Task goal:
Only the records, exactly as written, belong in the answer; pictures do not.

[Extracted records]
'''

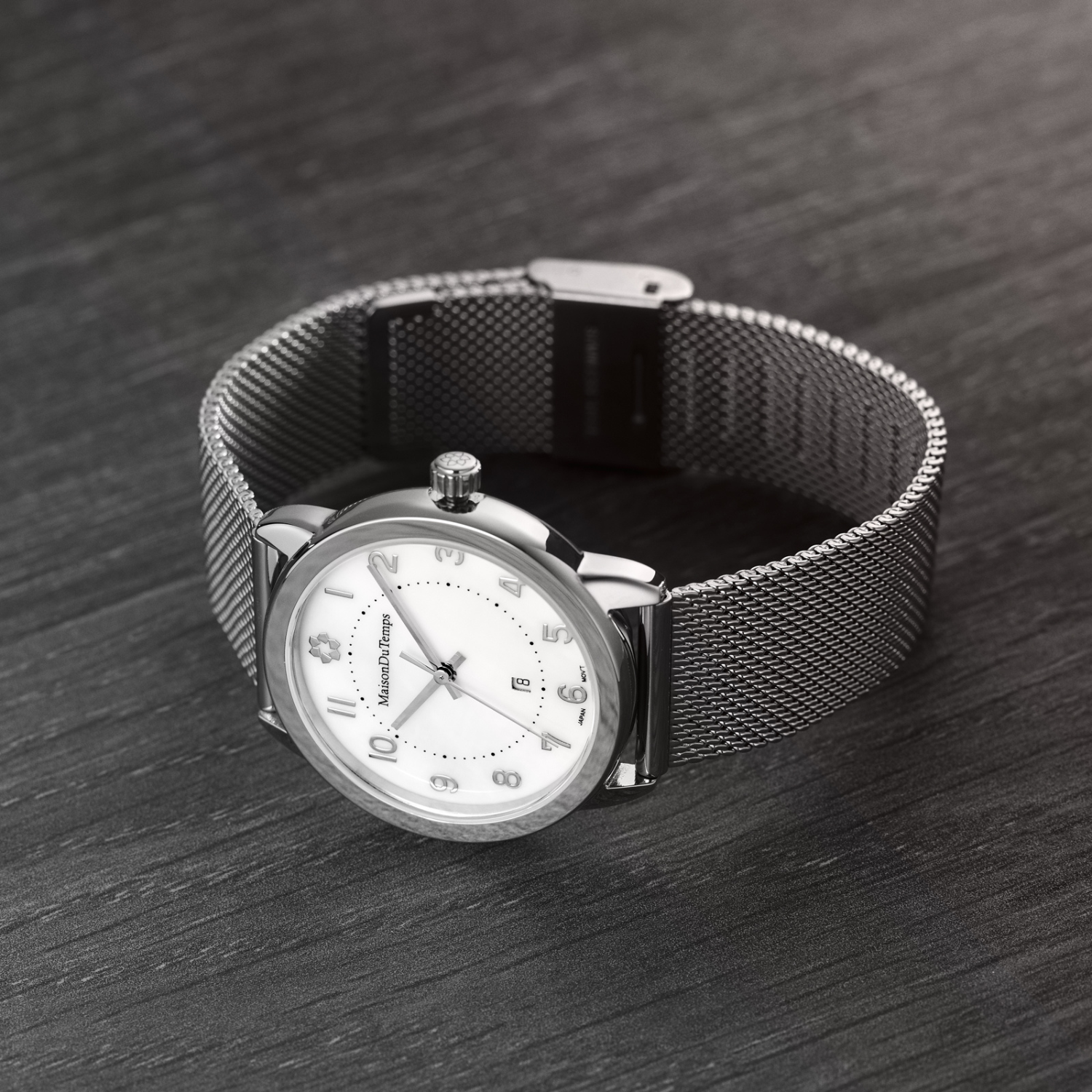 The MTMu is our first women's collection, offering two mother-of-pearl dials: white and pink. Its Milanese mesh bracelet, very popular on the women's watch market, combines style and comfort for all occasions.
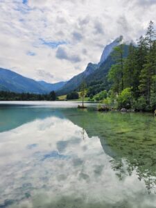 Også i Hintersee er vandet tindrende og lokkende klart. Man får virkelig lyst til at bade, men det går hurtigt over, hvis man ikke har vikinge-tilbøjeligheder. Søen får sit vand fra gletscherne i bjergene, og det er så koldt, at man næsten synes, man kan høre små klumper is klirre.
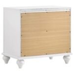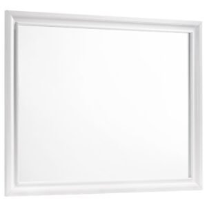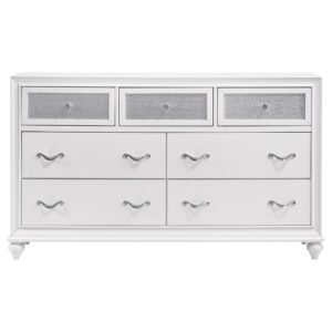 two-drawer nightstand, and seven-drawer dresser with mirror, all in a crisp
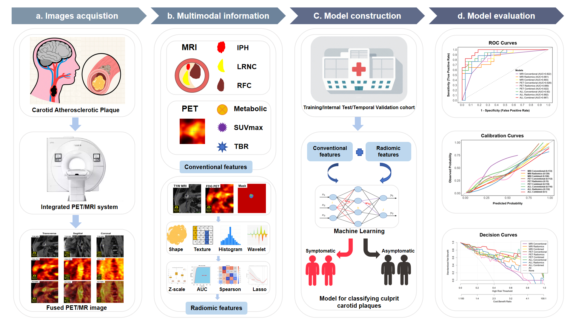 研究团队利用一体化PET/MRI系统的时空对齐优势,开发出多模态融合的智能评估模型。核心思路是突破传统单纯依赖单一解剖或代谢特征的瓶颈,通过从PET和MR-VWI中分别提取高维放射组学特征,并将它们与临床形态学指标(如斑块表面溃疡、强化)及代谢参数(如最大标准摄取值)相融合。这种全景式特征融合使模型能够更全面地解析斑块内部复杂的结构脆弱性与潜在炎症活跃度。为了解决模型临床适用性的问题,团队设计了严谨的验证策略。经过严格的时间独立验证队列测试(模拟未来未知临床数据),该一体化PET/MRI联合模型表现出优异的跨队列适应性与临床稳定性,显著优于仅依靠单一模态的预测模型。该方法为脑血管风险的无创精准评估与个体化干预提供了更高效、可靠的技术工具。
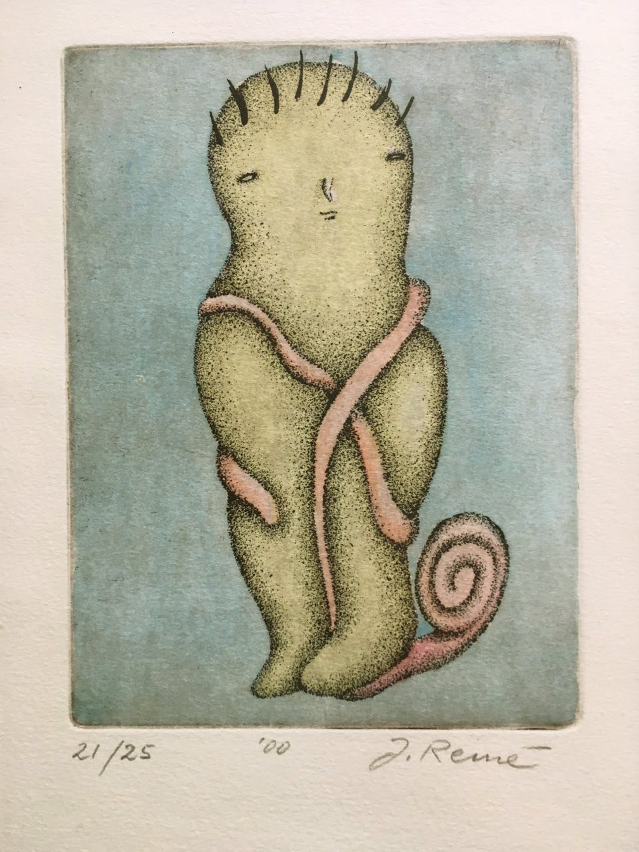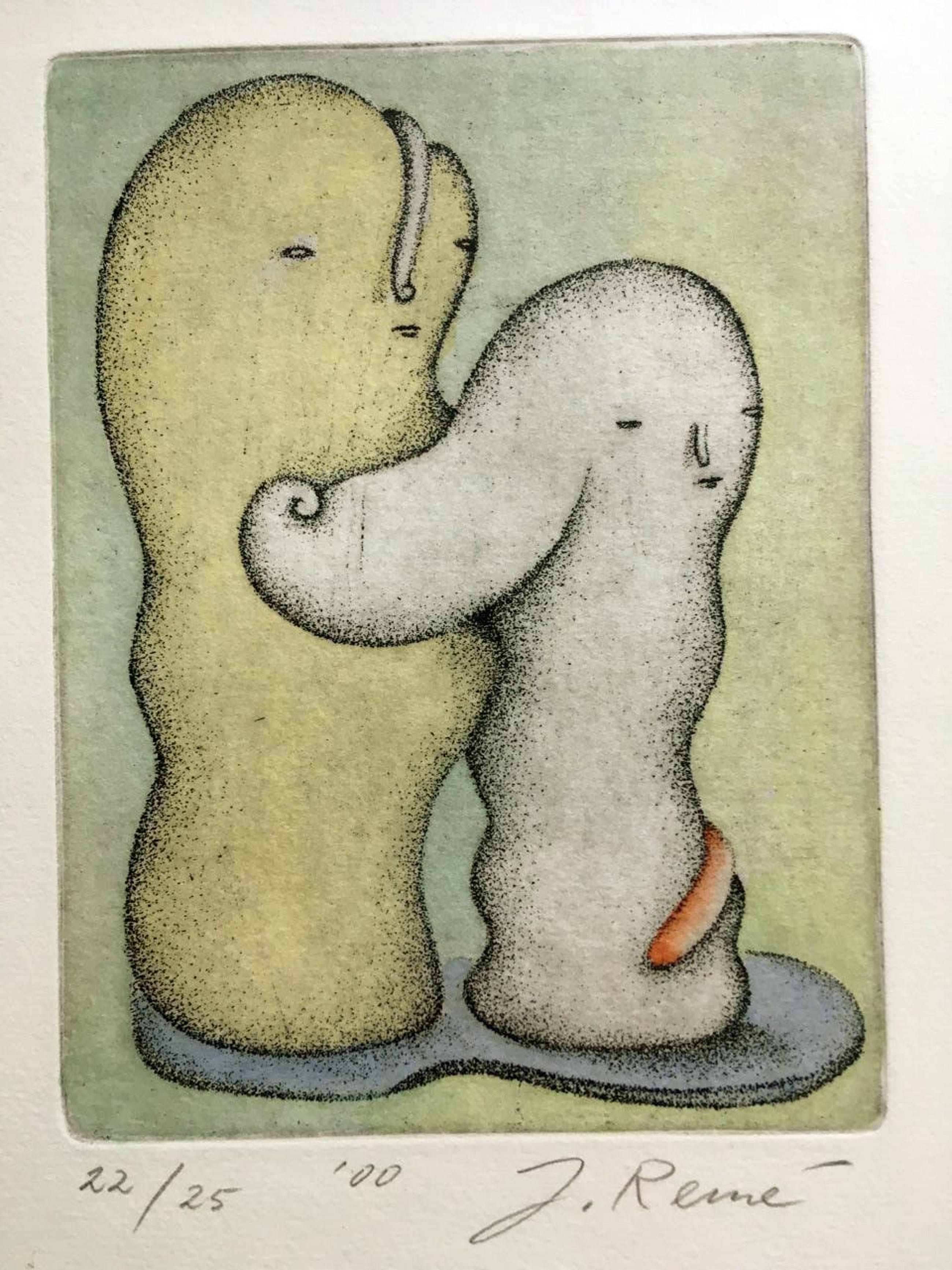 Combinatie van 4 verschillende kleuren etsen van Jorg Remé. Kleine oplage van 25 stuks: nrs. 13,18,21 en 22. Onderin potlood gesigneerd, genummerd en '00 gedateerd door de kunstenaar. In fraaie houten lijst met ontspiegeld glas. Formaat incl. 30,5 x 22 cm. Wordt zelden of nooit aangeboden.
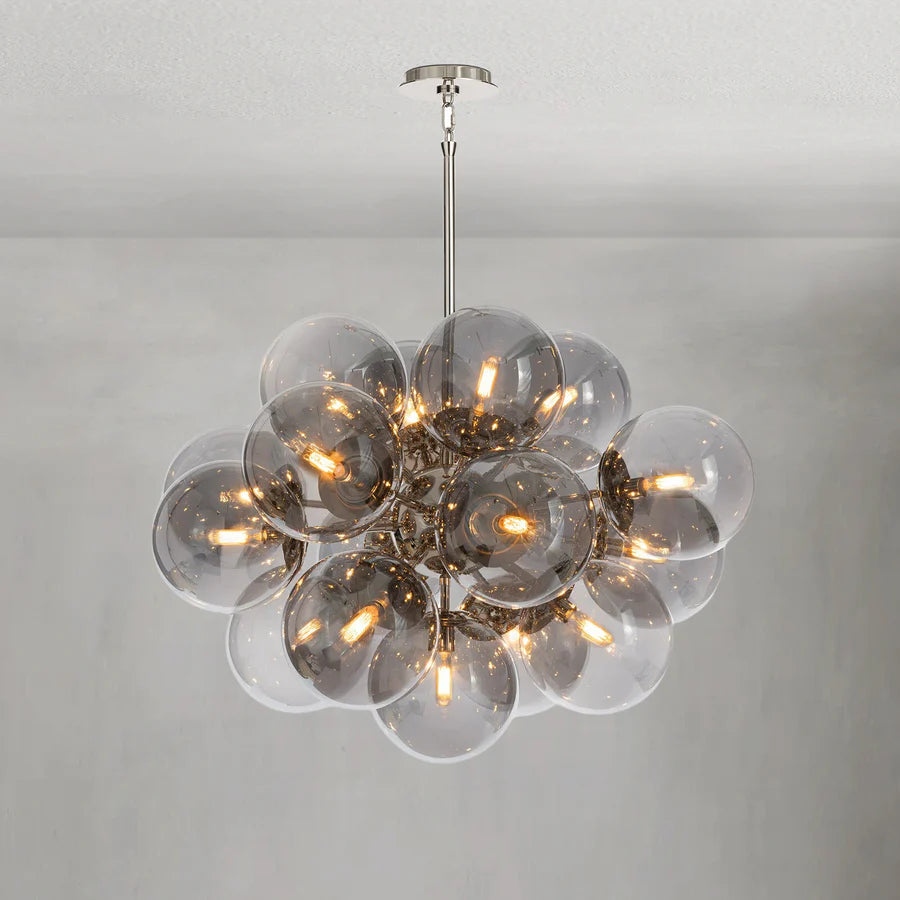 The Mandoza Nickel Glass Chandelier showcases a polished nickel frame paired with hand-blown glass globes,...

'''

Result for this task:
 The MTMu is our first women's collection, offering two mother-of-pearl dials: white and pink. Its Milanese mesh bracelet, very popular on the women's watch market, combines style and comfort for all occasions.
 Også i Hintersee er vandet tindrende og lokkende klart. Man får virkelig lyst til at bade, men det går hurtigt over, hvis man ikke har vikinge-tilbøjeligheder. Søen får sit vand fra gletscherne i bjergene, og det er så koldt, at man næsten synes, man kan høre små klumper is klirre.
 two-drawer nightstand, and seven-drawer dresser with mirror, all in a crisp
 研究团队利用一体化PET/MRI系统的时空对齐优势,开发出多模态融合的智能评估模型。核心思路是突破传统单纯依赖单一解剖或代谢特征的瓶颈,通过从PET和MR-VWI中分别提取高维放射组学特征,并将它们与临床形态学指标(如斑块表面溃疡、强化)及代谢参数(如最大标准摄取值)相融合。这种全景式特征融合使模型能够更全面地解析斑块内部复杂的结构脆弱性与潜在炎症活跃度。为了解决模型临床适用性的问题,团队设计了严谨的验证策略。经过严格的时间独立验证队列测试(模拟未来未知临床数据),该一体化PET/MRI联合模型表现出优异的跨队列适应性与临床稳定性,显著优于仅依靠单一模态的预测模型。该方法为脑血管风险的无创精准评估与个体化干预提供了更高效、可靠的技术工具。
 Combinatie van 4 verschillende kleuren etsen van Jorg Remé. Kleine oplage van 25 stuks: nrs. 13,18,21 en 22. Onderin potlood gesigneerd, genummerd en '00 gedateerd door de kunstenaar. In fraaie houten lijst met ontspiegeld glas. Formaat incl. 30,5 x 22 cm. Wordt zelden of nooit aangeboden.
 The Mandoza Nickel Glass Chandelier showcases a polished nickel frame paired with hand-blown glass globes,...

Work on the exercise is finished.